"Tu me vois vraiment."
Après «Babylon» au mois de janvier, un second film de cinéma sur le cinéma (mais pas seulement). Et un second coup de cœur à mes yeux.
Une toute première sortie au cinéma. Un spectaculaire accident de train projeté sur grand écran. Un choc, mais surtout une révélation pour un tout jeune spectateur assis entre ses parents, Sammy Fabelman.
Voilà le point de départ de l’œuvre la plus éminemment personnelle de Steven Spielberg. Car, ne nous voilons pas la face, il s'agit là d'une œuvre ô combien autobiographique, transposée à l'intérieur d'un récit dramaturgique et (en partie) fictionnelle.
Marquant le retour de Spielberg à l'écriture depuis «A.I. Intelligence Artificielle» en 2001 (ici aux côtés de Tony Kushner, scénariste de «Munich» et «West Side Story»), le cinéaste ne se borne pourtant pas à nous proposer un simple machin égocentrique sans rien à raconter dedans, bien au contraire.
Ici, il dresse un portrait à la fois touchant et désenchanté de ses parents : Burt, informaticien et Mitzi, pianiste. La logique, le réalisme d'un côté, le rêve et l'optimisme de l'autre. 2 êtres qui s'aiment, mais dont les visions et les désirs respectifs finissent par les éloigner l'un de l'autre.
Et cela, Sammy, le "double" cinématographique de Spielberg, n'en rate rien, dans les moments idylliques comme dans les moments plus tristes, captant les gestes, les corps et les regards, toujours les regards.
Tout a toujours été affaire de regards chez Spielberg (la fameuse "Spielberg Face", atteignant son apogée dans sa trilogie des aliens).
Ici, il y a celui qui regarde à travers son objectif, celles et ceux qui sont regardés par ce même objectif, et enfin ces mêmes personnes qui se (re)découvrent sur un grand écran, leur tendant un miroir de ce qu'elles sont ou de ce qu'elles rêveraient d'être (à l'image de cette mère en mal d'amour voyant la vie dont elle rêve, ou de cet élève qui ne se sentira jamais à la hauteur de l'image qu'il se colle lui-même).
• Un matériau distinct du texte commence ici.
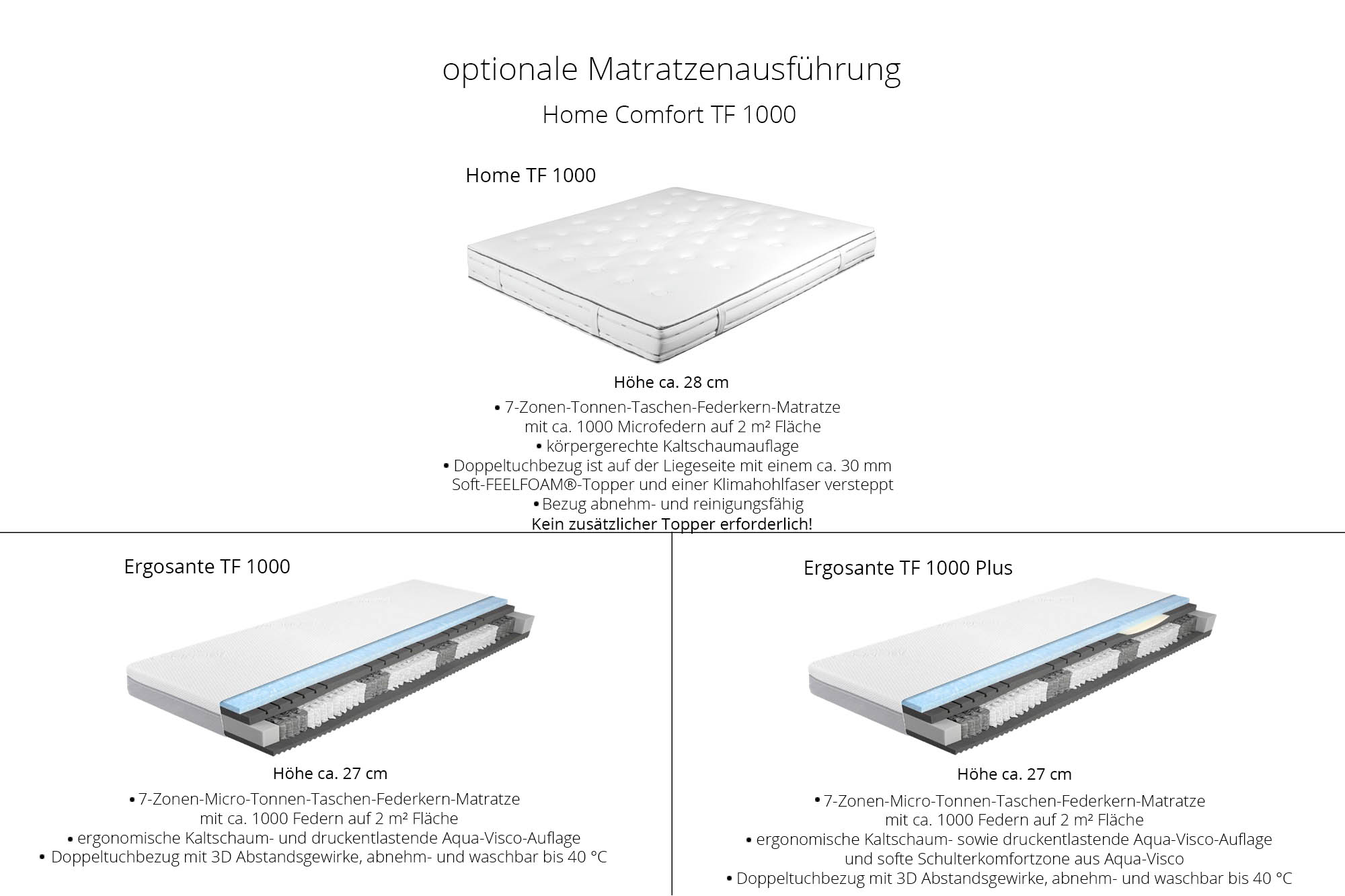 Home TF 1000 - 7-Zonen-Tonnen-Taschen-Federkern-Matratze mit Soft-Feelfoam®-Topper (ca. 1000 Federn auf 2 m²), Doppeltuchbezug, Höhe ca. 28 cm

Car dans «The Fabelmans», le cinéma est là pour dévoiler la vérité (qu'elle dérange ou non) et tenter de réparer le réel. Mais, comme l'apprendra notre protagoniste au fil du film, certaines choses ne peuvent se réparer à l'aide d'une caméra, et il faut parfois ressentir cette souffrance et ce chamboulement pour aller de l'avant et voir l'horizon (tant que celui-ci n'est pas au centre de l'image. Celles et ceux qui ont vu le film comprendront ce détail qui n'en est pas un).
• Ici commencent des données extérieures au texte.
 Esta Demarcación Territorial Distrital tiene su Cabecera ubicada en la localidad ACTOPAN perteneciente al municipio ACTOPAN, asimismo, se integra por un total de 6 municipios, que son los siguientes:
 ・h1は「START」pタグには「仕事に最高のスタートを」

Accompagné d'un casting exemplaire et d'une photographie somptueuse signée Janusz Kaminski, une histoire d'apprentissage et de passion, mélange de joie et de tristesse, convoquant comme jamais la puissance révélatrice des images.
Et cette poésie en mouvement, ce portrait intimiste rendu universel par le biais du cinéma ne peut me laisser indifférent, que ce soit en tant que spectateur et en tant qu'artiste.
Tant de choses à dire encore autour de ce film-somme qui va me rester en tête et qui donne tout son sens à la filmographie de son réalisateur, mais une chose est sûre : Spielberg est et reste l'un des plus grands conteurs du 7e Art, et le cinéma est et restera le plus grand spectacle du monde.